If that example seems contrived, here's a more 'serious' one: a widget-making business has a customer relationship management (CRM) application that's used by the sales team. For each potential client, they make notes about what widget features clients are most interested in. The company also uses some project management software that lets them track features, improvements, and fixes to the product, and group these into releases. Whenever the company rolls out a new version of the widget product, the sales team would like to cross reference the list of changes that can be extracted from the project management software with the list of all the clients or leads that would be interested in these changes. Moreover, it would be nice to be able to take this list of potential clients who might be interested in newly released features and perhaps even assemble a form email calling out the particular features or improvements in the new version that that particular client was interested in. The sales team can of course add any personal touches to the emails before sending them to the potential clients.

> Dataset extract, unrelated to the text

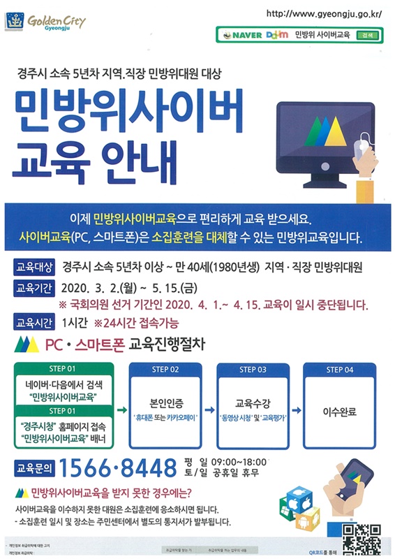 【경주=미디어인경북】 김동철 기자 = 경주시는 코로나19 확산 방지를 위해 매년 3월부터 실시하던 1~4년차 민방위대원 집합교육을 4월 국회의원 선거 이후로 연기했다.

Today, this process might end up being done manually, which doesn't scale very well if a business has hundreds or thousands of 'live' sales leads and a large number of features that they roll out with each release. Even if both the CRM and the project management app come with APIs, there is quite a bit of friction involved in writing a program that 'speaks' both APIs and handles all the boring concerns like parsing, deserialization, error handling, and so on.

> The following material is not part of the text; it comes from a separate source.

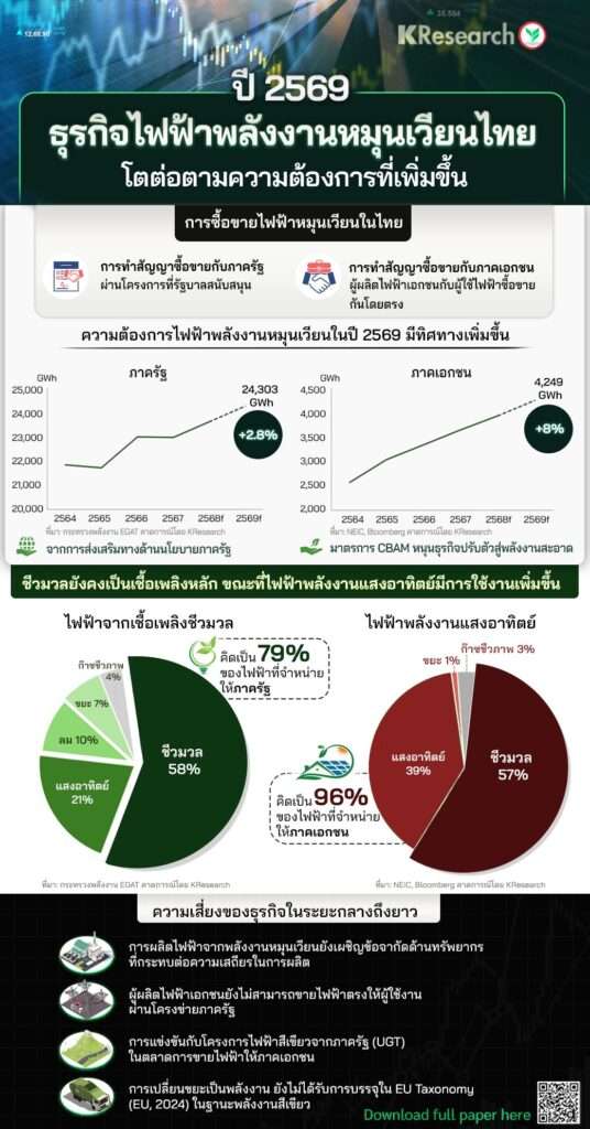 กรุงเทพฯ วันที่ 3 ก.ย. – ศูนย์วิจัยกสิกรไทยคาดการณ์ความต้องการรับซื้อไฟฟ้าพลังงานหมุนเวียนในปี 2569 ว่ามีทิศทางเพิ่มสูงขึ้นทั้งจากภาครัฐ และภาคเอกชน โดยปริมาณไฟฟ้าพลังงานหมุนเวียนที่ขายให้ภาครัฐคาดว่าจะอยู่ที่ 24,303 GWh และภาคเอกชนคาดว่าจะอยู่ที่ 4,249 GWh เพิ่มขึ้น 2.8% และ 8% ตามลำดับ

I just made up these use cases, and I could come up with hundreds of others. No one piece of software 'does it all', and so individuals and businesses looking to automate or partially automate various tasks are often put in the position of having to integrate functionality across multiple applications, which is often painful or flat out impossible. The amount of lost productivity (or lost leisure time) on a global scale, both for individuals and business, is absolutely staggering.

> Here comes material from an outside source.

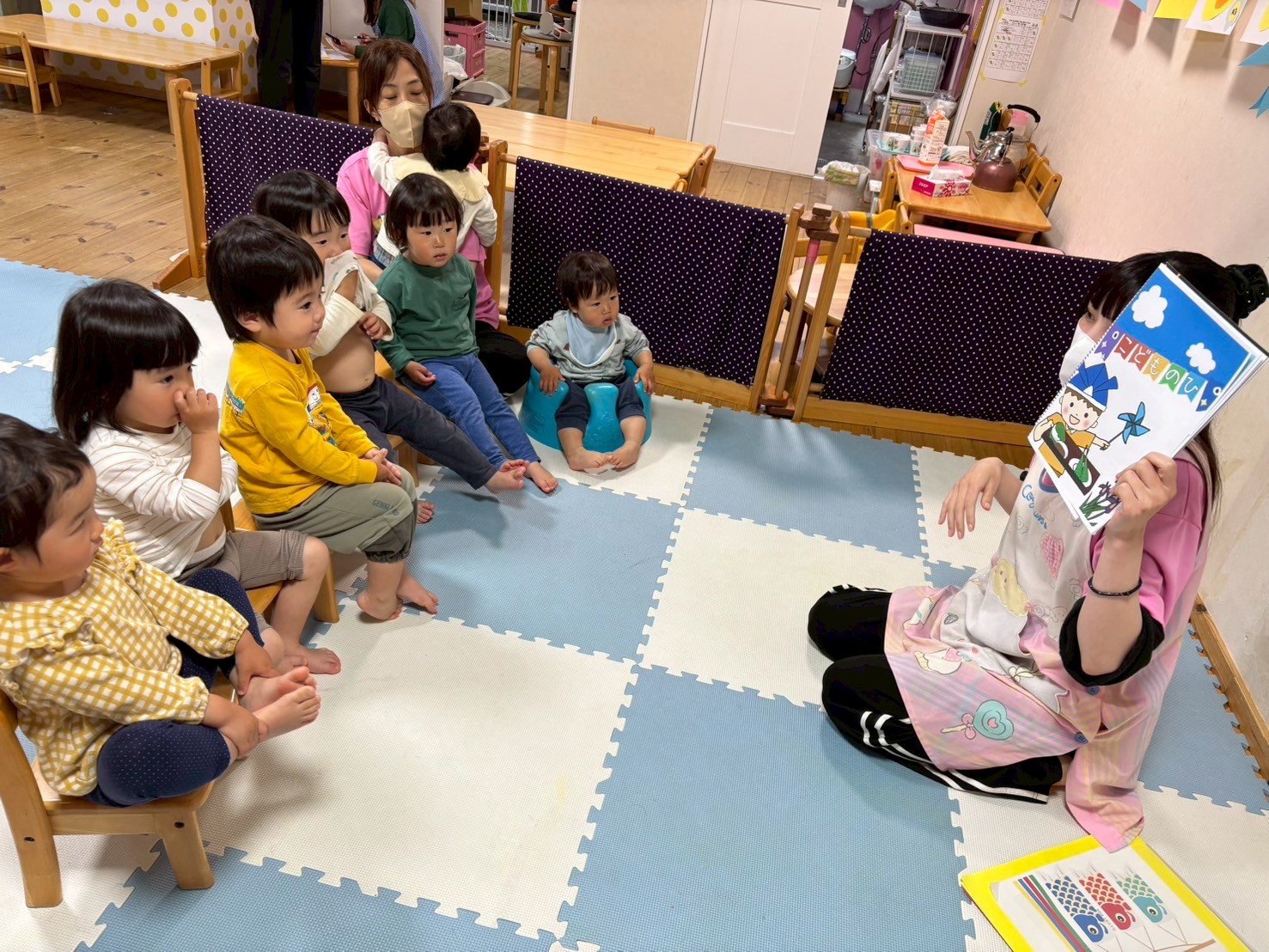 今日はえほんのひろばがありました☺ 初めてでしたがみんな落ち着いていてとっても静かな環境でひろばが行われました✨ とっても楽しんでくれています♡ えほんのひろばでは、絵本を読むだけでなく絵本から飛び出してこんな風に遊んだりもします♪ ちょうちょ... -

Bob: All right, I think I finally see what you're getting at. These are very old ideas, you know. Haven't you ever heard of the Unix Philosophy? In fact, I could probably implement most of your use cases with 'a very small shell script'.
Alice: You make it sound like Thompson and Ritchie invented the idea of composition. Mathematicians have been composing functions for hundreds (or even thousands) of years before that without making such a fuss about it or waving any sort of philosophical flag. But anyway, I would love to see you try to implement those tasks with a shell script, as you say. Have you ever tried reading a shell script written by someone else that's longer than 10 lines or so? I'm a professional programmer, well-trained in navigating all the arcane nonsense that's common in software, and a small part of me dies every time I have to write or read a bash script. I appreciate the spirit of the Unix Philosophy, but the implementation, of writing programs in a terrible language that read and write 'vaguely parseable text' leaves a lot to be desired. And JSON and XML aren't much better, either.
Bob: So you really think that Carol and some sales guys are going to be writing programs, even if it is some theoretical future souped-up graphical programming environment?
Alice: Why does that seem so unlikely to you?
Bob: Because writing software is complicated! I know because I'm a professional programmer. We can't expect the masses to be writing the sort of complex program that we professional programmers produce.
Alice: 'Complex programs'? You mean like Instagram? A website where you can post photos of kittens and subscribe to a feed of photos produced by other people? Or Twitter? Or any one of the 95% of applications which are just a CRUD interface to some data store? The truth is, if you strip applications of all their incidental complexity (largely caused by the artificial barriers at application boundaries), they are often extremely simple. But in all seriousness, why can't more people write programs? Millions of people use spreadsheets, an even more impoverished and arcane programming environment than what we could build.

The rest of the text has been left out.